◆ **TASK DIRECTIONS**
Print the records below exactly, from the line containing "As the objective" down to the line containing "Столик для ноутбука", both lines included, and omit every picture.

◆ **INPUT**
:::::
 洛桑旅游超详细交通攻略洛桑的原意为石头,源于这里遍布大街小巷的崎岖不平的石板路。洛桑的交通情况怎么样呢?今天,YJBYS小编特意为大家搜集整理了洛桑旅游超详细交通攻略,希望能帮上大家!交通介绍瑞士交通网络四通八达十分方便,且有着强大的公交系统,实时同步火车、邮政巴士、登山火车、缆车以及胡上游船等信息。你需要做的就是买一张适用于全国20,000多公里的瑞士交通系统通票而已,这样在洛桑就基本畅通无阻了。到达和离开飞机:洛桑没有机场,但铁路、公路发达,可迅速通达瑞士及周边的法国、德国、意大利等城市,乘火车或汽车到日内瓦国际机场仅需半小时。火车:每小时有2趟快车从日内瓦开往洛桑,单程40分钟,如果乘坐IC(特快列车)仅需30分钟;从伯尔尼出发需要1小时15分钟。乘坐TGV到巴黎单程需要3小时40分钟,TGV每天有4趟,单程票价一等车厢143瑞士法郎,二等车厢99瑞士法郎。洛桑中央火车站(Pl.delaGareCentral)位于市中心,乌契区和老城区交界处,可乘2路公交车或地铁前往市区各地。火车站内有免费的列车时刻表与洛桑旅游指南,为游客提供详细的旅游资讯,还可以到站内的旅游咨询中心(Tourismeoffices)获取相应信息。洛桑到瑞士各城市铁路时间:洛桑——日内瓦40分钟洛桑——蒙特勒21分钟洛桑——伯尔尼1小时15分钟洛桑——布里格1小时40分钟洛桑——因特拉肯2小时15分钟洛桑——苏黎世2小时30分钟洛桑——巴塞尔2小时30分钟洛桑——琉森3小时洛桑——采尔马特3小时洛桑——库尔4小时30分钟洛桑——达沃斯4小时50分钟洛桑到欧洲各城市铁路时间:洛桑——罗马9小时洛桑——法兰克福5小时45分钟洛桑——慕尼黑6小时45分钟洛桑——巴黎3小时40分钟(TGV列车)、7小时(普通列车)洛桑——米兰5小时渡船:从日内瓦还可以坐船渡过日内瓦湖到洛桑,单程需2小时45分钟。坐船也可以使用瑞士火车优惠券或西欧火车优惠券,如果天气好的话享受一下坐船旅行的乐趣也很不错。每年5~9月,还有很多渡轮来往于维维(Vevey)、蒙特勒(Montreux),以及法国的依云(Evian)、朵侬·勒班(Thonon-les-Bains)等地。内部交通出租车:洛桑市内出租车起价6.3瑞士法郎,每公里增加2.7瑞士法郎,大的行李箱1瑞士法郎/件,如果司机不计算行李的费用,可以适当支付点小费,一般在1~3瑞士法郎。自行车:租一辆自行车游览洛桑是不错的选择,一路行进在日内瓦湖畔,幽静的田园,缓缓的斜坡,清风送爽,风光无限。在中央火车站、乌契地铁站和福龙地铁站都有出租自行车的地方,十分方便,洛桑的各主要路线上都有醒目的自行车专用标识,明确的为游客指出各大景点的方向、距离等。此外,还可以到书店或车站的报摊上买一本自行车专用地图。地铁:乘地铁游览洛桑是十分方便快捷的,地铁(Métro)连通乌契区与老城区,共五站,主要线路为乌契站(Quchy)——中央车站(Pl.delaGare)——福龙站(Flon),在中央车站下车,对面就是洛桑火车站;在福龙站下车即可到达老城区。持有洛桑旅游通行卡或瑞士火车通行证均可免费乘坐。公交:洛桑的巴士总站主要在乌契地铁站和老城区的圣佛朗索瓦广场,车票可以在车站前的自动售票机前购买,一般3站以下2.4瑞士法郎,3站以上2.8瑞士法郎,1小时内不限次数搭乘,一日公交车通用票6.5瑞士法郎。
:::::
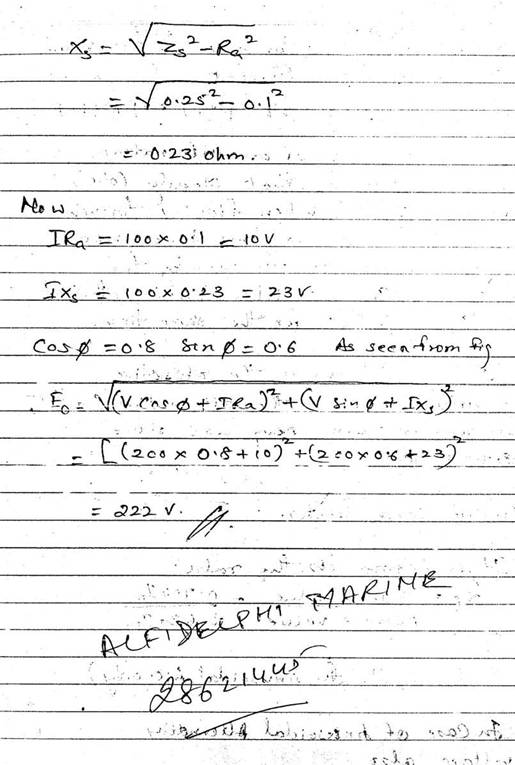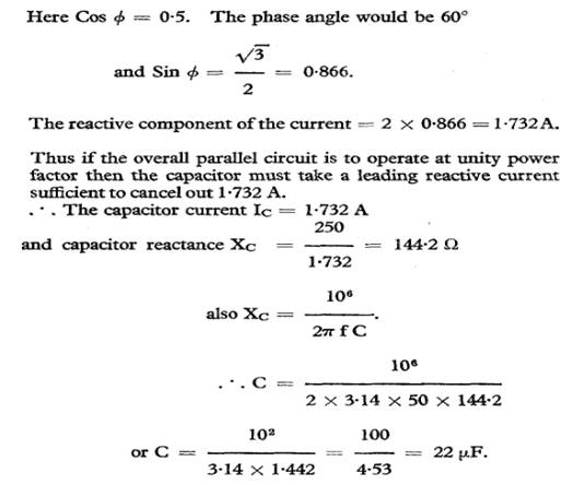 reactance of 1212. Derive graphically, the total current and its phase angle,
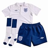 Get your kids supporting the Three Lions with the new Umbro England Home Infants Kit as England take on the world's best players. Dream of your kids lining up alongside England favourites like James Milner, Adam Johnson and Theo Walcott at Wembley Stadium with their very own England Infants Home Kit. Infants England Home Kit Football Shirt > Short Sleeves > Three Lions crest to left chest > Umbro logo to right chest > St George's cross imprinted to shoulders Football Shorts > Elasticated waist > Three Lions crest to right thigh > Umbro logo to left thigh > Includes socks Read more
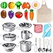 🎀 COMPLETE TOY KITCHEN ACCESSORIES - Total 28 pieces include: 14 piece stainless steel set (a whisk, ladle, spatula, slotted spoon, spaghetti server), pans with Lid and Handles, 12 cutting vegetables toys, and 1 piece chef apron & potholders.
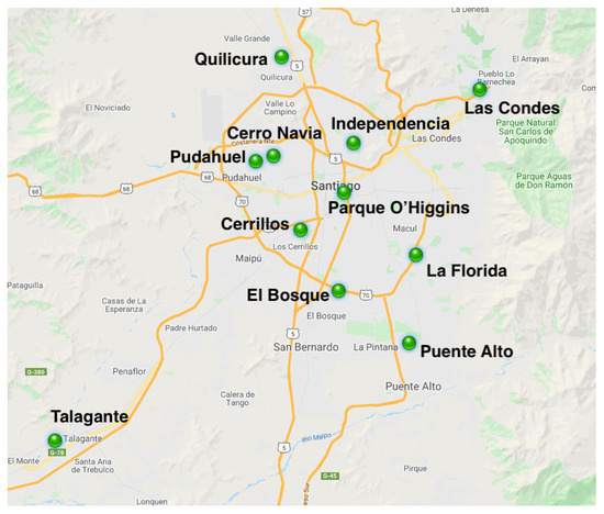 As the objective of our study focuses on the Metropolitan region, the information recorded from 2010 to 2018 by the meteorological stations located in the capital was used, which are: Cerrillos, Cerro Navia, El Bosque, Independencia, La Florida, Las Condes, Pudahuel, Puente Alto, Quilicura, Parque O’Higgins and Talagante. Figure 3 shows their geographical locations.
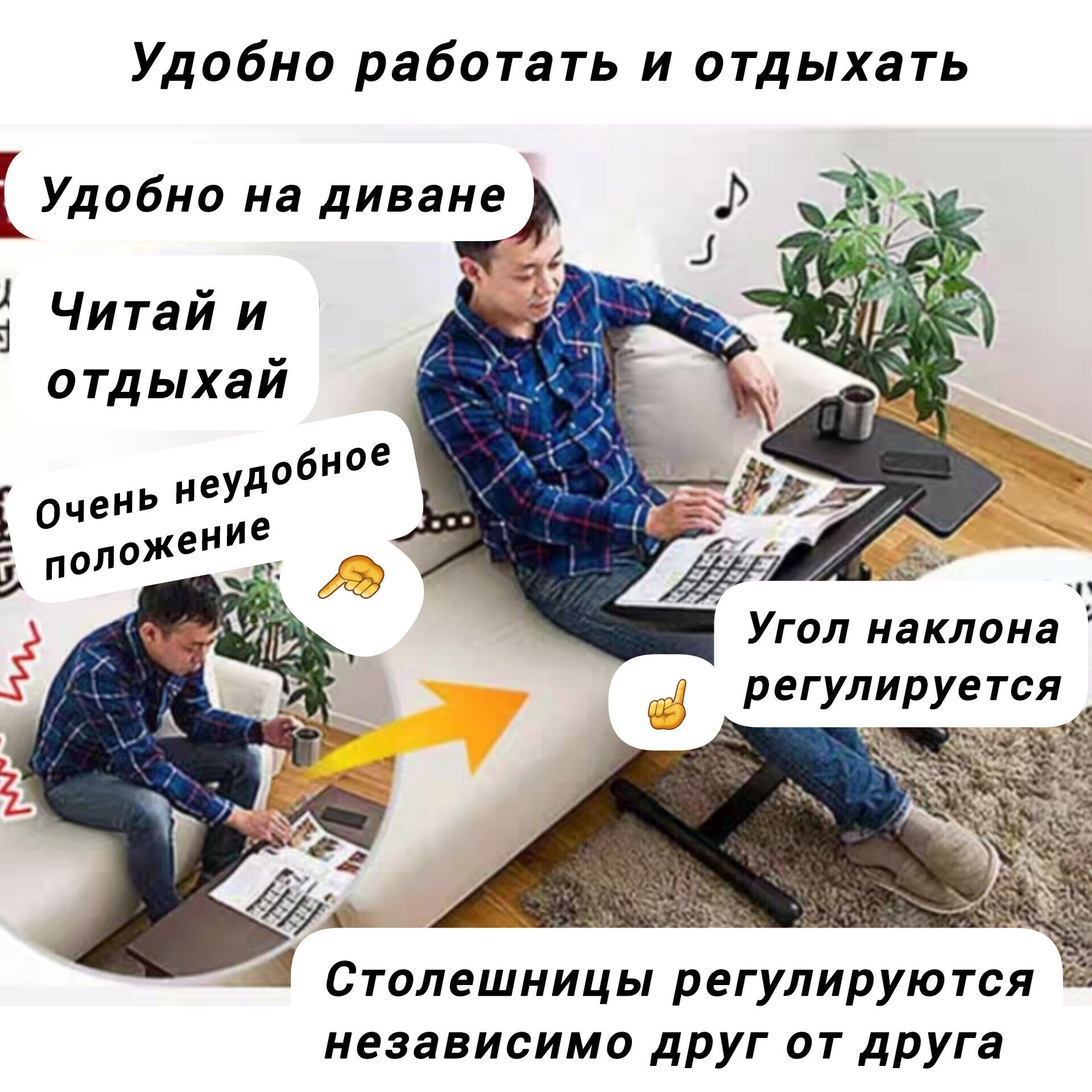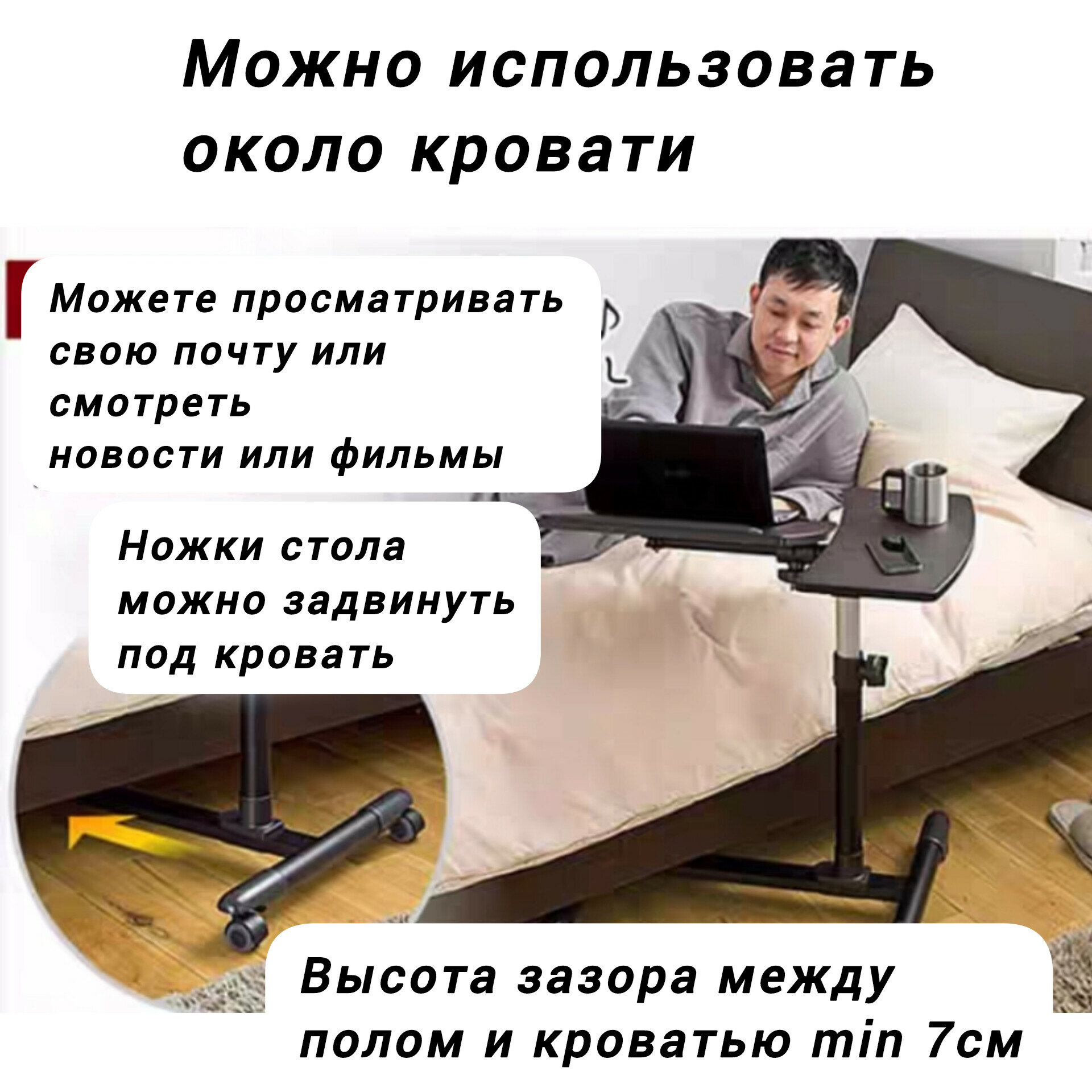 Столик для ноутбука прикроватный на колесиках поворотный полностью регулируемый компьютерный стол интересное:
:::::
◆ **TASK OUTPUT**
 As the objective of our study focuses on the Metropolitan region, the information recorded from 2010 to 2018 by the meteorological stations located in the capital was used, which are: Cerrillos, Cerro Navia, El Bosque, Independencia, La Florida, Las Condes, Pudahuel, Puente Alto, Quilicura, Parque O’Higgins and Talagante. Figure 3 shows their geographical locations.
 Столик для ноутбука прикроватный на колесиках поворотный полностью регулируемый компьютерный стол интересное:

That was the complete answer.